Vladimir Galaktionovich Korolenko. Video

Korolenkov's humor is especially charming. There is absolutely no satirical tricks in it. He is relaxed, natural, and has that lightness in him that is rarely found in Russian authors. Korolenko’s humor is often intertwined with poetry, as in a charming story At night, where children at night, in the bedroom, discuss the fascinating question of where children come from. Yom Kippur, with its amusing Hebrew devil, represents that mixture of humor and fantasy that is so charming in the early stories of Gogol, but Korolenko’s colors are softer, calmer, and, although he does not have an ounce of the creative wealth of his great countryman, he surpasses him in warmth and humanity . The most purely humorous of his stories is Without tongue(1895) - tells the story of three Ukrainian peasants who emigrated to America without knowing a word of any language other than their own. Russian criticism called this story Dickensian, and this is true in the sense that Korolenko, like Dickens, the absurdity of the characters does not prevent the reader from loving them.

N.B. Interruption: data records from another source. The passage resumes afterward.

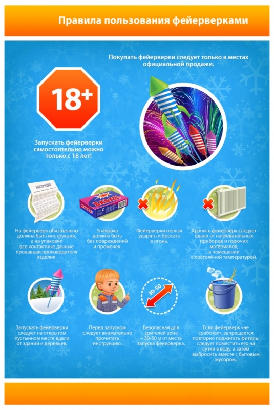 Соблюдайте правила при безопасности при использовании пиротехнических изделий.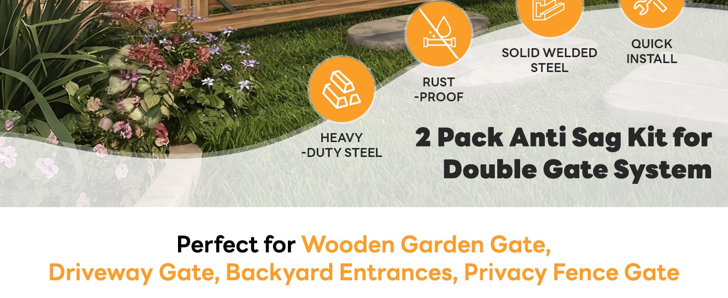 ملاءمة قابلة للتعديل للفتحات - متوافقة مع فتحات البوابة التي يتراوح عرضها من 24 بوصة إلى 60 بوصة لكل بوابة، دون قيود على الارتفاع. مجموعة البوابة المضادة للترهل القابلة للتعديل هذه مناسبة لمختلف الاستخدامات الخارجية، بدءًا من بوابات الحديقة الصغيرة وحتى مداخل الفناء أو الممرات الأوسع.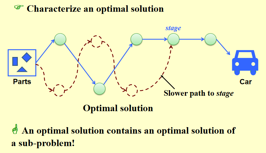 - 最优子结构:假设原问题依赖子问题次优解,那么检查,如果替换其为子问题的最优解,如果此时能替换,且替换之后原问题的解不会变得更差,就ok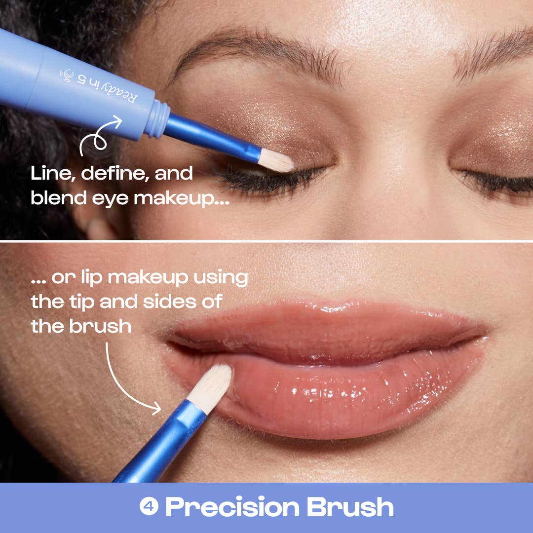 This 4-in-1 makeup brush packs all your must-have full-face brushes in one: All-Over Powder Brush, Multi-Use Small Blending Brush, Precision Brush (Eyes, Lips, Highlighter), and Complexion Brush (Foundation, Blush, Bronzer).
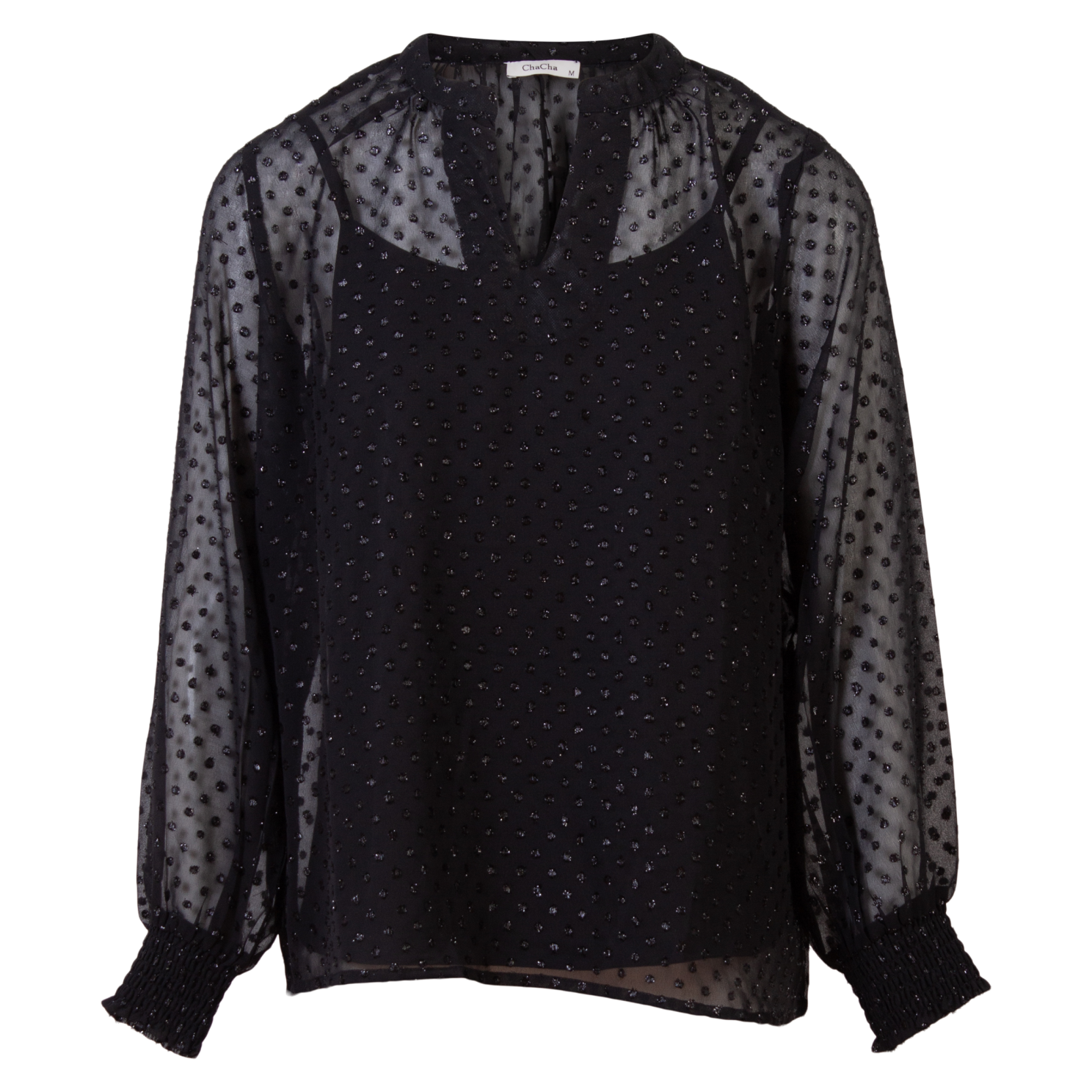 ChaCha chiffon bluse med glitter effekt, V-hals udskæring samt lange ærmer med smok. Blusen har en aftagelig top under..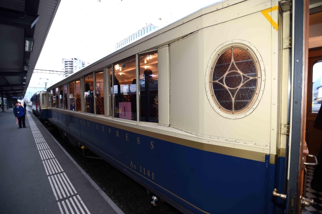 前往達(dá)沃斯通常乘坐的紅色窄軌小火車很有特色??藦?qiáng)總理此次乘坐的專列是瑞方鐵路公司專門用于租借的,充當(dāng)過不少國家領(lǐng)導(dǎo)人的專列,顏色不同于普通小火車的紅色,而是藍(lán)白配色的。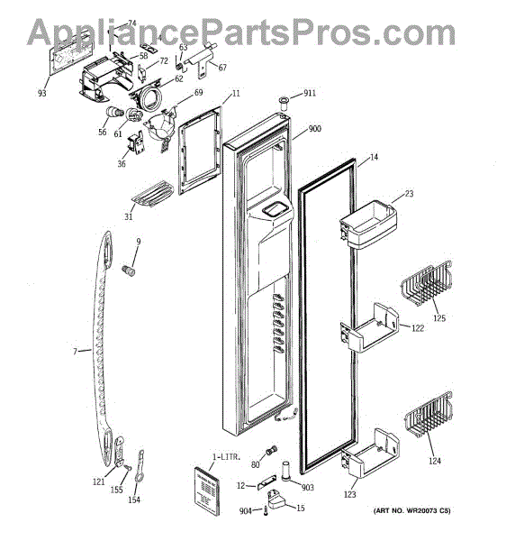 Parts for Ge PSK25NGSECCC: 01 - Freezer Door Parts
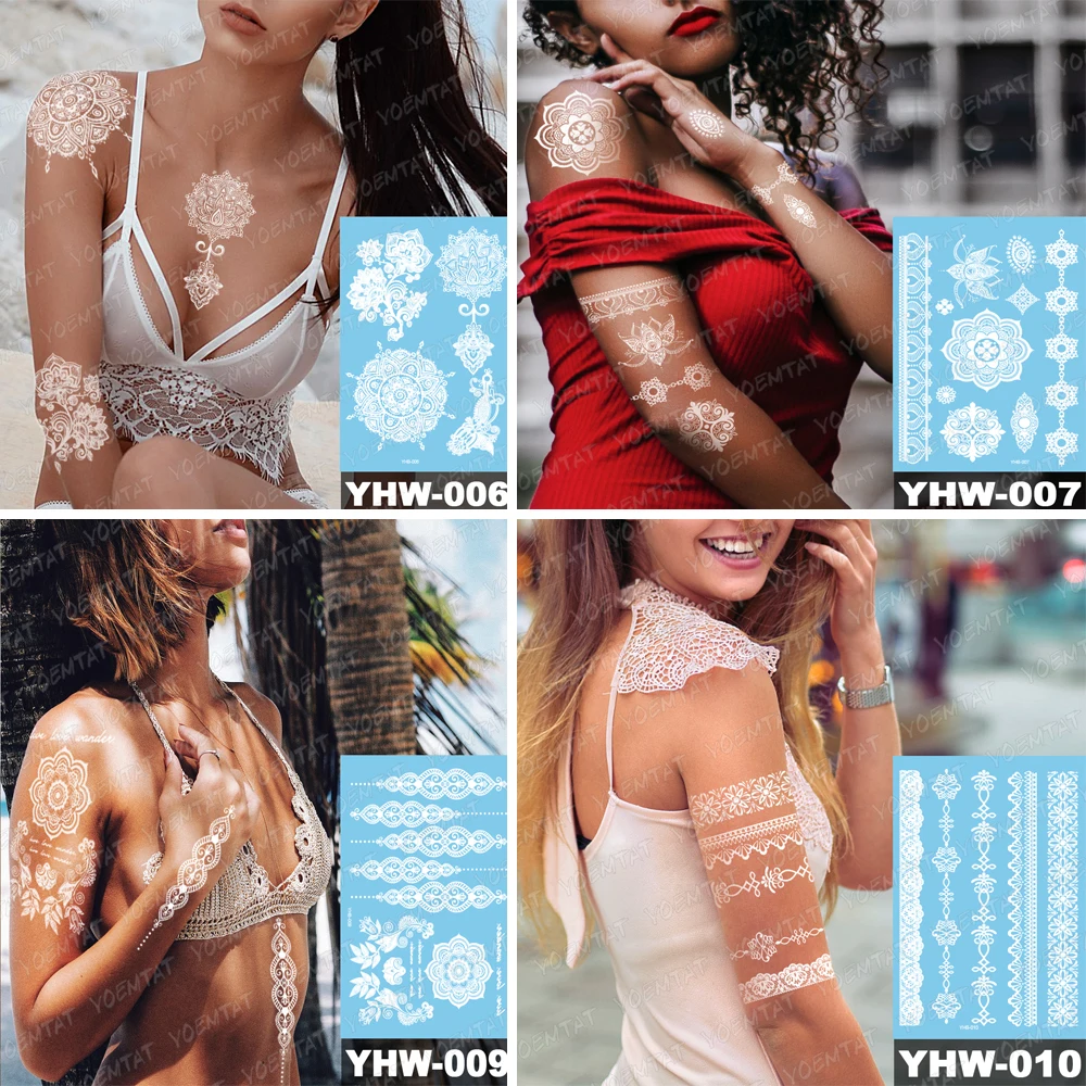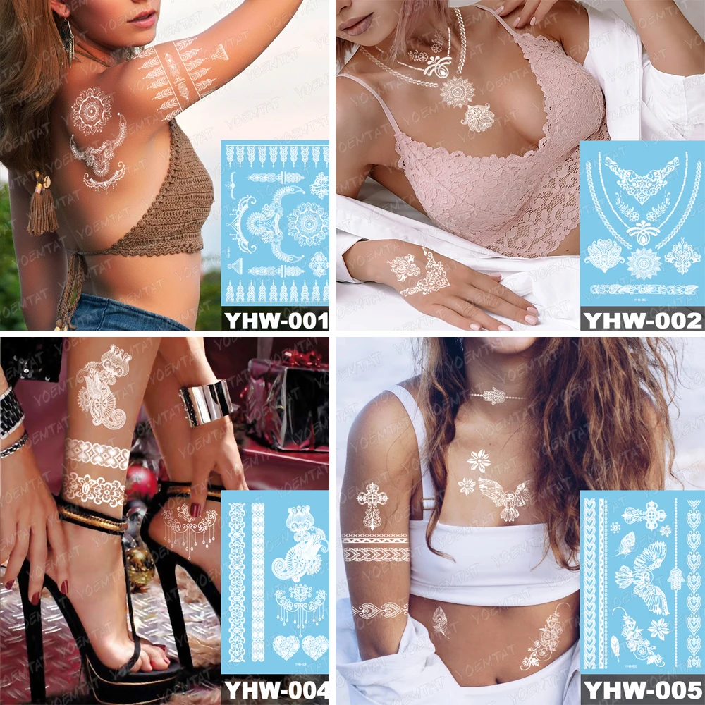 Индийский Арабский Дизайн Временная водостойкая татуировка стикер белое кружевное платье невесты татуировки золотого и серебряного паста поддельные татуировки Мандала для боди-арта ручной колье-чокер

Korolenko's last work is his autobiography, a story about own life, unusually accurate and truthful, but which he, out of some kind of over-scrupulousness, called the history not of his own, but of his contemporary. It is less poetic than his first works, it is not embellished in any way, but the two main qualities of Korolenkov’s prose are very strong - humor and humanity. We meet there charming pictures of life in semi-Polish Volyn; we see his father, scrupulously honest, but wayward. He recalls his first impressions - the village, the school, the great events he witnessed - the liberation of the peasants and the Polish uprising. He shows us unusually lively figures of eccentrics and originals - perhaps his portraits were better than all others. It is certainly not a sensational book, but it is a delightfully quiet story told by an old man (he was only fifty-five years old when he began it, but something of the “grandfather” in Korolenko’s character was always present) with a lot of time, and he talks with pleasure, reviving the memory of what happened fifty years ago.